Terrorism casualties number grows in Afghanistan

The long war in Afghanistan continues to set records for civilian casualties, the United Nations mission in the country said on Monday, even as the violence is expected to intensify in the coming months with no hope of peace talks anytime soon.

In the first six months of 2017, 1,662 civilians were killed, a 2 percent increase from what had been a record in the same period last year, the mission reported. An additional 3,581 civilians were wounded.

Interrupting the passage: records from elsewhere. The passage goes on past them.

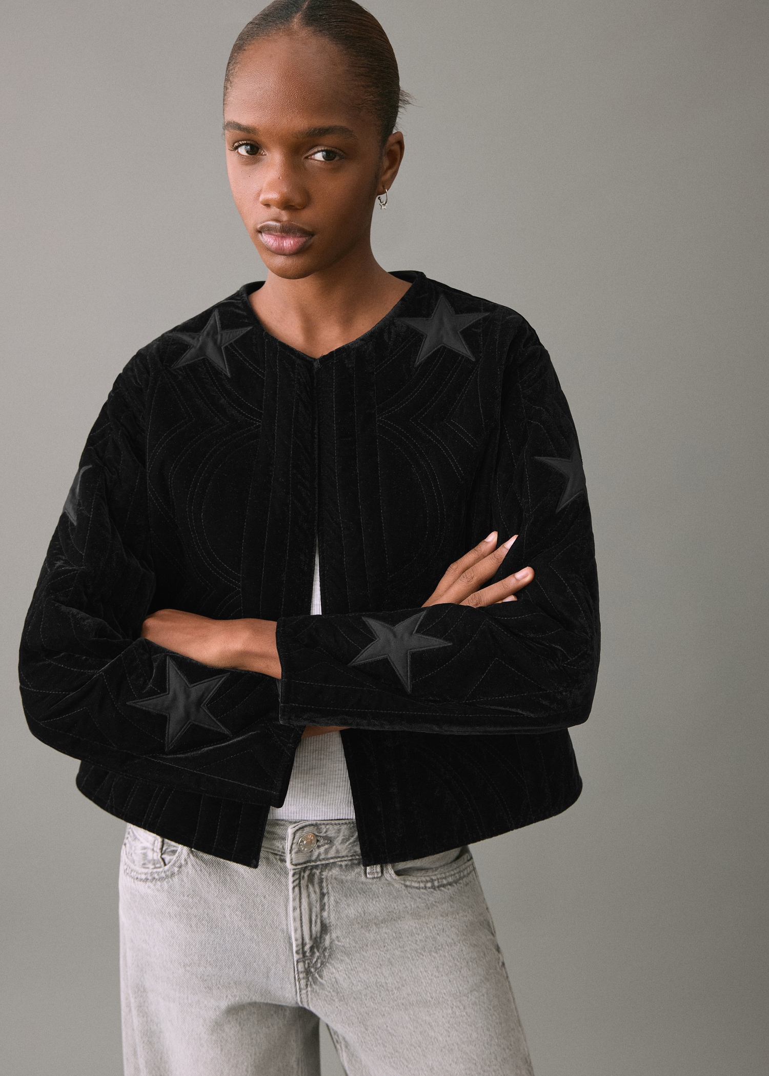 Velvet bomber jacket with star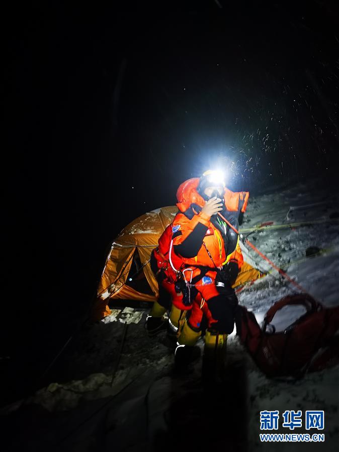 5月27日,2020珠峰高程測量登山隊從海拔8300米的突擊營地出發(fā)。新華社特約記者扎西次仁攝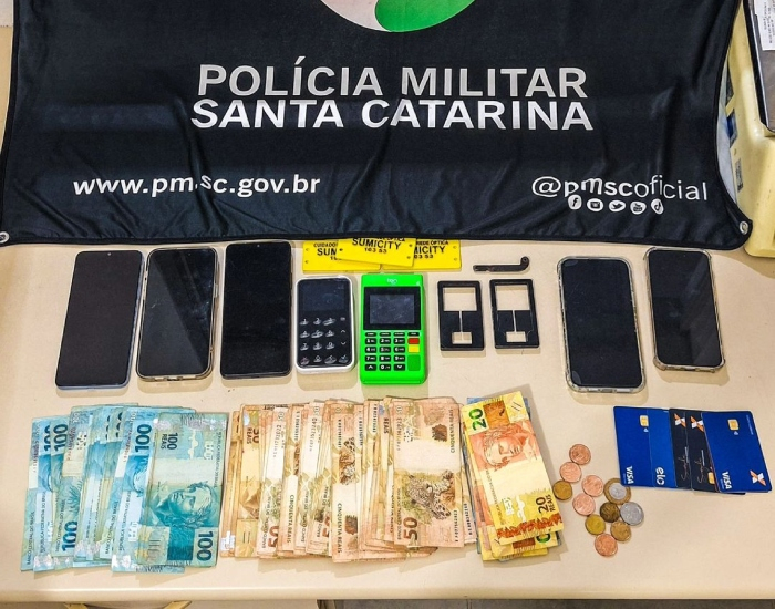 Com os abordados e no interior do veículo, foram encontrados R$ 5.136,15, além de equipamentos utilizados para alterar caixas eletrônicos, quatro máquinas de cartão de crédito e cartões furtados. Um deles, pertencente a uma vítima que ainda estava na agência bancária e relatou ter perdido seu cartão, que havia ficado preso no interior do caixa eletrônico.

While Kabul, the capital, had the most casualties because of a few enormous bombings, civilians in the countryside have also suffered in large numbers, with casualties increasing in 15 of the country’s 34 provinces. The report documented a 23 percent rise in the number of women killed.

“The human cost of this ugly war in Afghanistan — loss of life, destruction and immense suffering — is far too high,” said Tadamichi Yamamoto, the United Nations secretary general’s special representative for Afghanistan. “The continued use of indiscriminate, disproportionate and illegal I.E.D. devices by antigovernment elements is particularly appalling and must immediately stop,” he said, using an abbreviation for homemade bombs.

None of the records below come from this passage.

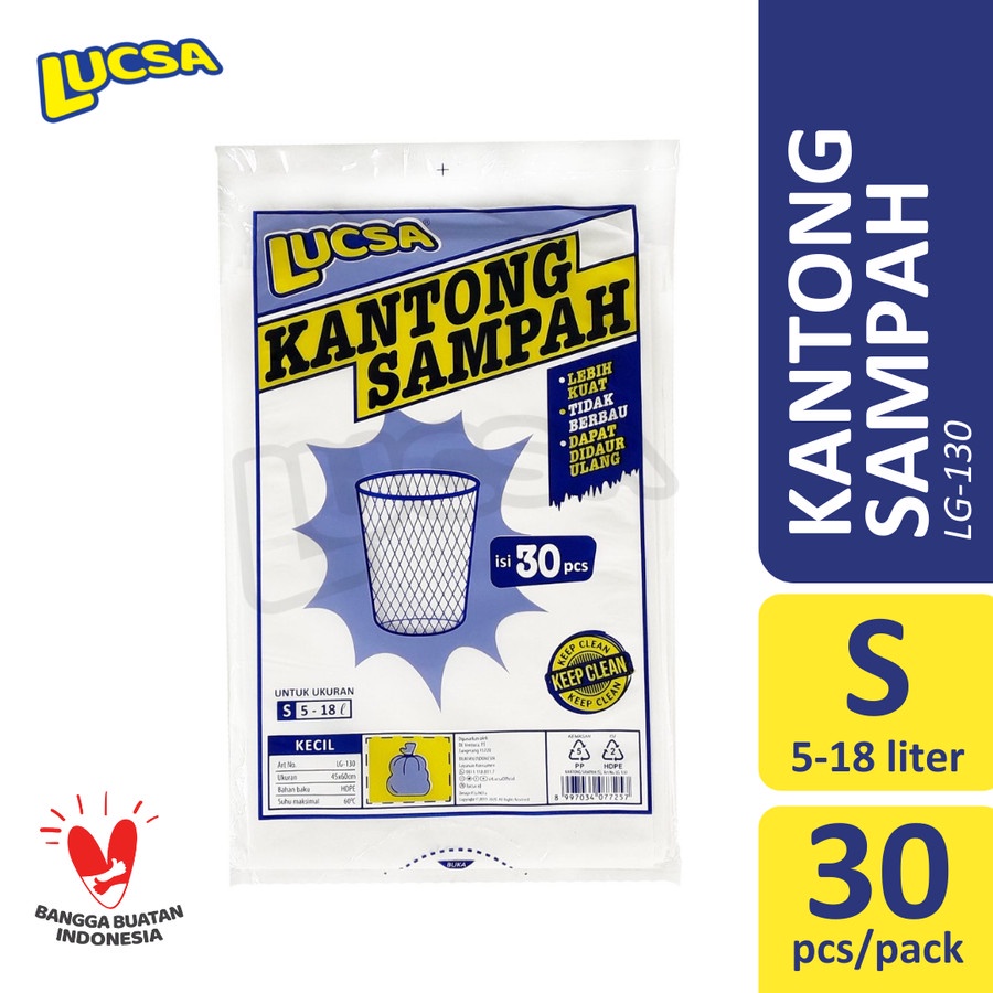 Type : LG-130-S Merek : Lucsa Kapasitas : 5-18Liter Ukuran (PxL) : 60x45cm Size : S (Small) Ketebalan plastik : 0.02 mm Jenis plastik : HDPE Original Isi : 30pcs/pack Warna : Putih (khusus size S)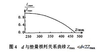 時(shí),出射光束的能量僅為原來的93.886%。出射光束與入射光束能量相對(duì)值與間隔d的關(guān)系如圖4所示。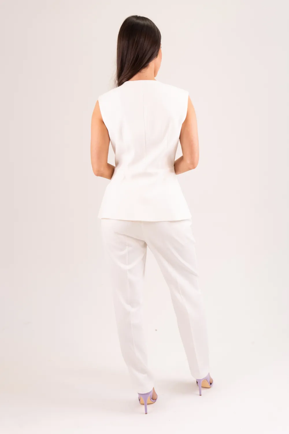 The Kayla Split Front Waistcoat In Cream is a versatile and stylish addition to any wardrobe. With a flattering V-neck and split hem design, this waistcoat is perfect for layering over any outfit. The gold button front adds a touch of elegance, while the cut out detail adds a unique touch. Complete the look with our matching cream trousers for a coordinated ensemble.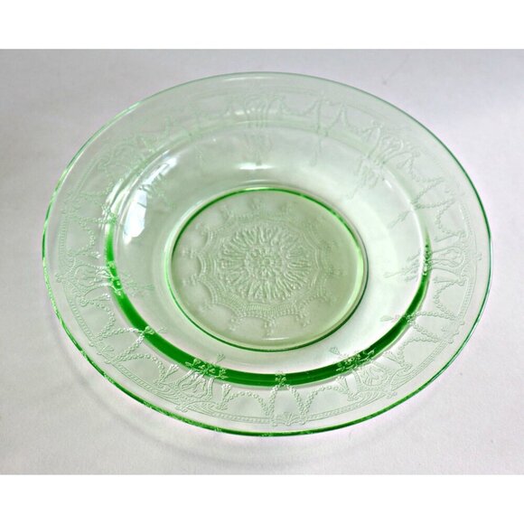 Green Depression Glass Cameo Ballerina Flat Soup Bowl Anchor Hocking Vintage Ura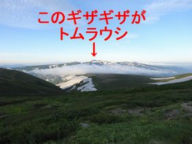 小屋の前からトムラウシ方向。雲海が見えます。

The United Nations says 26,500 civilians have been killed in the war and 49,000 others injured since 2009, the year the mission started systematically recording casualties.

The report commended government forces for reducing civilian casualties from ground engagements, including indiscriminate firing of mortars and other heavy weapons in civilian areas. In the meantime, it said, casualties caused by the insurgents’ use of homemade bombs had only increased. Roughly 40 percent of all civilian casualties — 596 deaths and 1,483 injuries — resulted from the insurgents’ use of such explosives, including suicide bombs and pressure-plate devices, the report said.

The Taliban rejected the report in a statement, calling it one-sided and politically motivated.